Description of the task:
The printed result should hold only the lines from the opening of the data through the line bearing "Trufle podajemy z", exactly as given and without pictures.

Stored data:
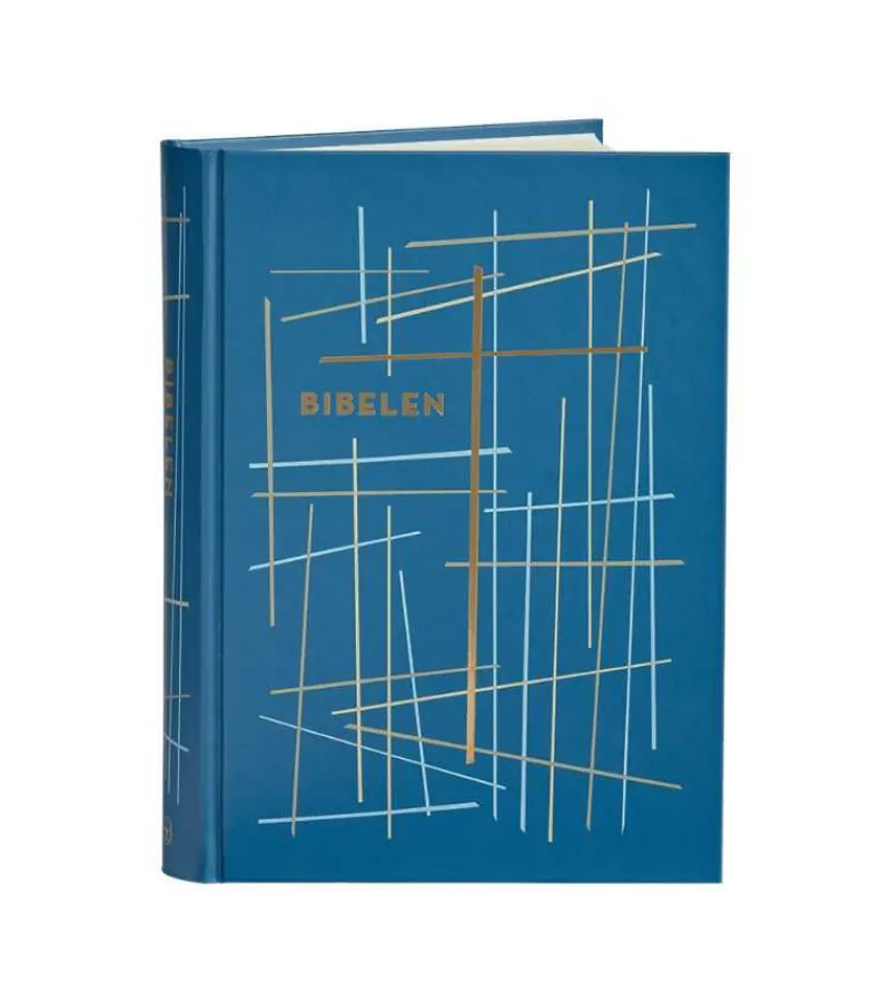 Smuk og anvendelig udgave af Bibelen indbundet i fast bind. Omslagsmotivets streger danner på forsiden et kors, der sammen med titlen fremhæves med guldpræg.
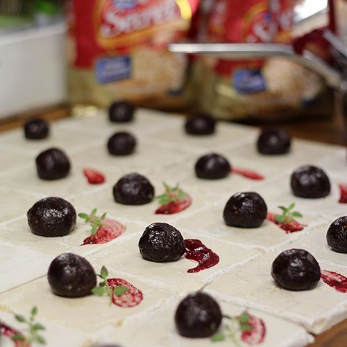 Trufle podajemy z odrobiną musu malinowego i bazylią.
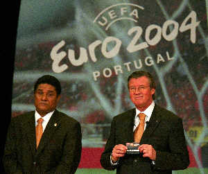 A fascinating draw also saw hosts Portugal lining up against neighbours Spain in group A, and defending champs France meeting England in group B in another of the most interesting encounters in the tournament's early stages. The German-Dutch rivalry is always intense, and their matches have become explosive affairs since the Dutch knocked the German hosts out of the 1988 European Championship. Two years later, the two teams were involved in a turbulent encounter at the World Cup in Italy, when current German coach Rudi Voeller was sent off along with Dutchman Frank Rijkaard. The two sides will play in their opening group D game on June 15, in a section which also includes the Czech Republic and Latvia, the only newcomers to the finals. The Dutch and the Czechs will meet again after qualifying together from the same group this time. The Germans, Dutch and Czechs will have a tough time competing for two places in the quarter-finals. "Our good fortune with the draws has abandoned us this time," said Guenter Netzer, a former German international and now a television commentator and columnist. Portugal play Spain on June 20 in Lisbon, in a match which home fans will see as the undoubted highlight of the opening round. Portugal will be wary of their neighbours, who beat them 3-0 in a friendly in Guimaraes in September. Greece, who topped their qualifying group and beat Spain away from home, are also in this section with Russia. The Greeks will play Portugal in the tournament's opening match in Oporto on June 12. France and England play their opening fixture the next day in Lisbon, in a group which also includes Switzerland and Croatia. The two old rivals look to be the favourites to make progress. French defender Marcel Desailly, who plays in England for Chelsea, said: "This draw is neither easy nor very hard. It's in between. We'll see. Our group is not so bad since the first two qualify. For sure, we'll talk about it at Chelsea." England's Swedish skipper Sven-Goran Eriksson said: "Our first game against France... it's a big, big game. It will be difficult, but beautiful." Italy appear on paper to have the easiest ride into the quarter-finals. They were drawn in group C, with Bulgaria, Sweden and Denmark.

Result:
 Smuk og anvendelig udgave af Bibelen indbundet i fast bind. Omslagsmotivets streger danner på forsiden et kors, der sammen med titlen fremhæves med guldpræg.
 Trufle podajemy z odrobiną musu malinowego i bazylią.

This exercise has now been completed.